Yearlong investigation after Mall of America discovery results in 42-year-old Elk River man being summoned

by Jim Boyle

Editor

A nearly yearlong investigation of an Elk River man caught with a hidden camera in a Mall of America fitting room has resulted in a felony charge and evidence that he did this at stores, swimming pools and at one high school throughout the Twin Cities area, the Hennepin County Attorney’s Office announced on Sept. 3.

Trevor Nielson, 42, was charged with interference with privacy of a minor who he was more than 36 months older than. The complaint was issued as a summons and no first court appearance has been set, according to a news release issued last week from the Hennepin County Attorney’s Office.

Elk River Police are also investigating Nielson, but on a separate matter. They have also determined that video taken near Elk River High School was innappropriate but not criminal. More on that later.

According to the criminal complaint, the manager of a Forever 21 store in the Mall of America called Bloomington Police on Sept. 28 to report that a man had been in one of the dressing rooms for an unusually long time. She told police she thought he was the same man who had done the same thing two months earlier and after he left, they discovered a video camera hidden in one of the fitting rooms.

When Nielson finally stepped out from the changing room, police stopped him and searched him. They found his cell phone, a roll of double-sided black tape and strips of the backing from the tape that had been cut to the same length, the complaint states.

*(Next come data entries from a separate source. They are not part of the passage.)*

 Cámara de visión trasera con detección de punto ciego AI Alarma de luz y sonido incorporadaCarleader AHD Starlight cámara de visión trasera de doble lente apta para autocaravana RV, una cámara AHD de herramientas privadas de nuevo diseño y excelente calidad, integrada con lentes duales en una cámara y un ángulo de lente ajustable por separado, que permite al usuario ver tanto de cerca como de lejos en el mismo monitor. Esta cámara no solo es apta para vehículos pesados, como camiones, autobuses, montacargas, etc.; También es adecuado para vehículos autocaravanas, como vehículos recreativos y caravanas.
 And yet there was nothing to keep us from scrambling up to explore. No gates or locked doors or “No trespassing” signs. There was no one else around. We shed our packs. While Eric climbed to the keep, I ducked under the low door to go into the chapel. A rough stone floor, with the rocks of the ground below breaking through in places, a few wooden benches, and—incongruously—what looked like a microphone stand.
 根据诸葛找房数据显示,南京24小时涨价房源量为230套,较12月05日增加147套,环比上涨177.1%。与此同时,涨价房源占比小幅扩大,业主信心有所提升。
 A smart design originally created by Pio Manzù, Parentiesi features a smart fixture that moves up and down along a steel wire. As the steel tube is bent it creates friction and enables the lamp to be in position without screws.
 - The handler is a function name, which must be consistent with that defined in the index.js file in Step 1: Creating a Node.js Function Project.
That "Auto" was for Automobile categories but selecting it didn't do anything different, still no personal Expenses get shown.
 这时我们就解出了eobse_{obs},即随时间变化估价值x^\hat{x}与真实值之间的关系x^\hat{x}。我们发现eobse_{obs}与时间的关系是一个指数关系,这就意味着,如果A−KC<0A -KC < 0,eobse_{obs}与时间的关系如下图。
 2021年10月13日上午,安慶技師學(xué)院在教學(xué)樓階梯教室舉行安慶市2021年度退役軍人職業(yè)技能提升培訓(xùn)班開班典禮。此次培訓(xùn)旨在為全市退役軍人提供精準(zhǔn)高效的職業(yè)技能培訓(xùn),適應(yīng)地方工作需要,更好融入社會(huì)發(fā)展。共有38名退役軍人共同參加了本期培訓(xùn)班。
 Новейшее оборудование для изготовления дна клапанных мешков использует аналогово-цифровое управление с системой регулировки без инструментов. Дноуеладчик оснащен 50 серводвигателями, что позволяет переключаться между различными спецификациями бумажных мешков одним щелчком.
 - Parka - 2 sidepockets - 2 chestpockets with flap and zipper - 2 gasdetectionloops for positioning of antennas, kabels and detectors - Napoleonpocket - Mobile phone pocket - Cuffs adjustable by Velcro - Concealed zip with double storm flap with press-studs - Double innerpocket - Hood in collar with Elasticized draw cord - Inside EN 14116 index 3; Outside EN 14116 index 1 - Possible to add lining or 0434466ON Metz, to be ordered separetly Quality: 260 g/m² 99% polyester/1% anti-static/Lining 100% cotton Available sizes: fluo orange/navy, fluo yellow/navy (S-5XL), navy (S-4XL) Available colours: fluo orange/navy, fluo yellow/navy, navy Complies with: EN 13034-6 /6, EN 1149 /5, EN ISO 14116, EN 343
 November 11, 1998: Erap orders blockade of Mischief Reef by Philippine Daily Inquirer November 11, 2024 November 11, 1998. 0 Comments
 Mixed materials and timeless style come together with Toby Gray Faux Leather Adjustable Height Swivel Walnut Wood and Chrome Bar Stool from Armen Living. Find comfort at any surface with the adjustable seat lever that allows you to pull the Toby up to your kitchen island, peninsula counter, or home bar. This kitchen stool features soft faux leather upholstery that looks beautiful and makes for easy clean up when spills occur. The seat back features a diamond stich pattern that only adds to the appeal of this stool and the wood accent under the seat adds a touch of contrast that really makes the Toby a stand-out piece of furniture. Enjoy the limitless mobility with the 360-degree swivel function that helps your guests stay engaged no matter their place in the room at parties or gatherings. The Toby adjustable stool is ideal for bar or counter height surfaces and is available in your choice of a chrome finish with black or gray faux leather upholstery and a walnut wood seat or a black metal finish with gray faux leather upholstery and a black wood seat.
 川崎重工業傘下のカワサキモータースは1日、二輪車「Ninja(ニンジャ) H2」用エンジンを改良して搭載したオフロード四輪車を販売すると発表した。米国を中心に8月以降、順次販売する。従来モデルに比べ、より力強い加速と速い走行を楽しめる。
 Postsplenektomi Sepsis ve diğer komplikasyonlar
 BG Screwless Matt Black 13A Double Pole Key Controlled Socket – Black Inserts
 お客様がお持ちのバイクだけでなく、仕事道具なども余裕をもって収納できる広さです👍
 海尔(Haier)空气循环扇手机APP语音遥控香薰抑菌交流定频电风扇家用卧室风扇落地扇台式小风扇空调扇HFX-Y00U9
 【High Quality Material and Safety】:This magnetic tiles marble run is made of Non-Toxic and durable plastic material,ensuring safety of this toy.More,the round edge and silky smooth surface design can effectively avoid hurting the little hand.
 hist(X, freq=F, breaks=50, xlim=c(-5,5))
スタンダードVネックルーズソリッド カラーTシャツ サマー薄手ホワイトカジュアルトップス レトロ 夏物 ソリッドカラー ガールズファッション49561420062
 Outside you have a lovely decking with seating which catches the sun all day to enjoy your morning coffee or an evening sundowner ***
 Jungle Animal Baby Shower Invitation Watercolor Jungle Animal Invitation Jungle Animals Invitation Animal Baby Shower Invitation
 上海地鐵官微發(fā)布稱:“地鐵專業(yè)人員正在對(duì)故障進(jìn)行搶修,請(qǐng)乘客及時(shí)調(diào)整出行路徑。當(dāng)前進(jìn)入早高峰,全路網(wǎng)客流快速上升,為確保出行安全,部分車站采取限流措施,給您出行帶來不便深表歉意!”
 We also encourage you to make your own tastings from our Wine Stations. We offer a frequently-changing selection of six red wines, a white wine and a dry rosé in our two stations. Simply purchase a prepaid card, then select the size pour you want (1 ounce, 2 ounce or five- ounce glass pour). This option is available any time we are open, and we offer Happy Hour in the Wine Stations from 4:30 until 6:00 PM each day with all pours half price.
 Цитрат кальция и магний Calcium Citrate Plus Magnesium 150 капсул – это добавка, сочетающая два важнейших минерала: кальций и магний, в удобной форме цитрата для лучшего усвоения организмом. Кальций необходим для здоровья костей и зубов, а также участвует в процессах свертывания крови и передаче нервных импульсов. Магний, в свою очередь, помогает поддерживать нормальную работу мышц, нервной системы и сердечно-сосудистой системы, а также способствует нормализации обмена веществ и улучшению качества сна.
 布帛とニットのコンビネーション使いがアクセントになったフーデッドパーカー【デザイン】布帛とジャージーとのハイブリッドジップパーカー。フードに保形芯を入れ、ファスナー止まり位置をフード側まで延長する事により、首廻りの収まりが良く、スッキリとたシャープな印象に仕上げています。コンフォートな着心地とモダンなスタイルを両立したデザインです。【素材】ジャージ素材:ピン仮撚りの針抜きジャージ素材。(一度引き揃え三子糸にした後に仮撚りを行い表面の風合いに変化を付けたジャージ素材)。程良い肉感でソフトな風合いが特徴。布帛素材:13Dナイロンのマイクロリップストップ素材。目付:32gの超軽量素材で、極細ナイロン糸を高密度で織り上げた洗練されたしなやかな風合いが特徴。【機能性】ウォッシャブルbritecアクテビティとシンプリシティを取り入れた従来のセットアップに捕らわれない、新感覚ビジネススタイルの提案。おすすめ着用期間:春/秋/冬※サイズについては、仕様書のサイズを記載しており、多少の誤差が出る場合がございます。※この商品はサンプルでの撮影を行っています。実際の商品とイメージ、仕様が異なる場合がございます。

Store employees quickly located a camera hidden in the fitting room adjacent to the one where Nielson had been sitting for almost an hour. The same black tape, cut to the same length as the discarded backing was holding the camera to the wall, according to the complaint.

Nielson admitted he hid the camera in the fitting room and that he had done so other times. He also told investigators that he had secretly recorded people many times in many locations, the complaint states. Just before police arrived at the Forever 21 store, he was watching the video feed on his cell phone from the adjacent fitting room.

Police used a search warrant to confiscate Nielson’s electronic devices and it produced an enormous amount of information. There were a large number of nude and semi-nude women in changing rooms, many of them likely under the age of 18, according to the complaint.

Officers also discovered videos from a camera that had been attached to Nielson’s shoe or lower pant leg. He would stick his foot under the barrier between changing rooms and capture videos of the women within the adjacent room, the complaint states. In one video, Nielson accidentally captured his face in the mirror.

Officers also recovered secretly recorded videos of students at the Elk River High School as well as videos of young, teenage girls at swimming pools, parks, and other areas, according to the complaint.

Elk River Police have looked into these videos and have concluded they were not taken inside Elk River High School, but rather at a school-sanctioned event that happened outside of the high school, according to Elk River Police Captain Bob Kluntz. The police captain also noted that while inappropriate, these particular videos were not of a criminal nature.

Kluntz did say, however, the Elk River Police Department has a separate and active investigation into Nielson, and they hope to bring charges of their own in a Sherburne County court in the near future.